Outro tédio: as anedotas. O que me faz rir, e eu adoro rir, é diferente do que faz rir as pessoas com quem tenho de conviver. Rio-me sempre em tempos diferentes, e por norma, sozinha. Reporto-me à série 'Allo 'Allo!: eu, perdida de riso, e os meus amigos, na altura, com cara de caso a olhar para mim. Monty Python dava na RTP2; só eu gostava.
Rui Veloso diz que não se ama alguém que não ouve a mesma canção. Também é válido para quem não partilha o mesmo sentido de humor, nem o interesse pelos mesmos temas de conversa.
Eu rio-me com o absurdo, com a sátira mordaz, com a ironia disfarçada.
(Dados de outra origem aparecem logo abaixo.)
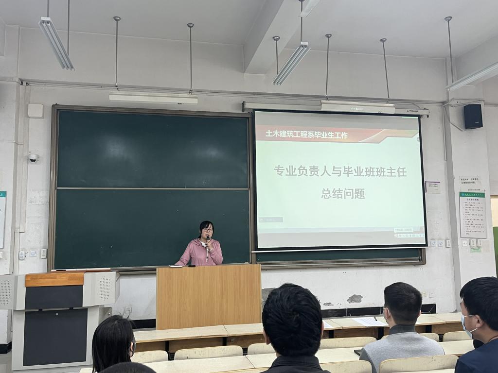 首先,系主任助理、专业负责人黎莹与康彦青分别进行了毕业生学业和就业形势主题宣讲,两位老师围绕毕业季主题,结合近期毕业生在学业和就业行动过程中的表现,将部分同学存在的问题一一摆出,要求同学们对照加以改正。同时,对系里针对问题员工采取的英语学习、专业促就业、重点帮扶等活动进行了现场部署和安排,全力推进毕业生各项工作。接着,系主任助理、学工负责人牛彦龙对老员工应征入伍,“西部计划”、“三支一扶”等基层就业项目,包括边疆省市定向招聘,自主创业等老员工就业政策进行了详细的解读和说明,并对以上各项目的报名条件、优待政策及适合群体进行了解析,鼓励符合条件的毕业生积极响应国家政策,前往基层进行就业服务,开辟个人新的发展方向和平台。同时,牛彦龙老师根据我系近一月毕业生就业签约情况,介绍了建筑行业近期招聘形势的变化和趋势,以及根据当前形势,系里所采取的建档监测、困难帮扶、就业指导、访企拓岗等促就业措施,鼓励同学们树立自信,积极配合参与专场招聘活动,加强政策和形势学习,以变应变,师生共同努力,力争在离校前找到满意的工作岗位。最后,部分对国家基层就业与服务项目感兴趣的同学与老师们进行了互动交流。

Com a capacidade de expor a hipocrisia e as contradições sociais de forma hilariante, mas elegante. Fugindo sempre da lógica convencional. Segundo os entendidos, um riso que, por ser mais cerebral e menos imediato, é naturalmente solitário.
As pessoas cansam-me. E eu também as canso. Sou péssima companhia para a maior parte delas. Cada vez me isolo mais. E estou bem assim.
A única companhia que respeita o meu tempo e o meu silêncio é um livro. Ao contrário das pessoas que contam anedotas ou sonhos, o livro só fala comigo quando o abro.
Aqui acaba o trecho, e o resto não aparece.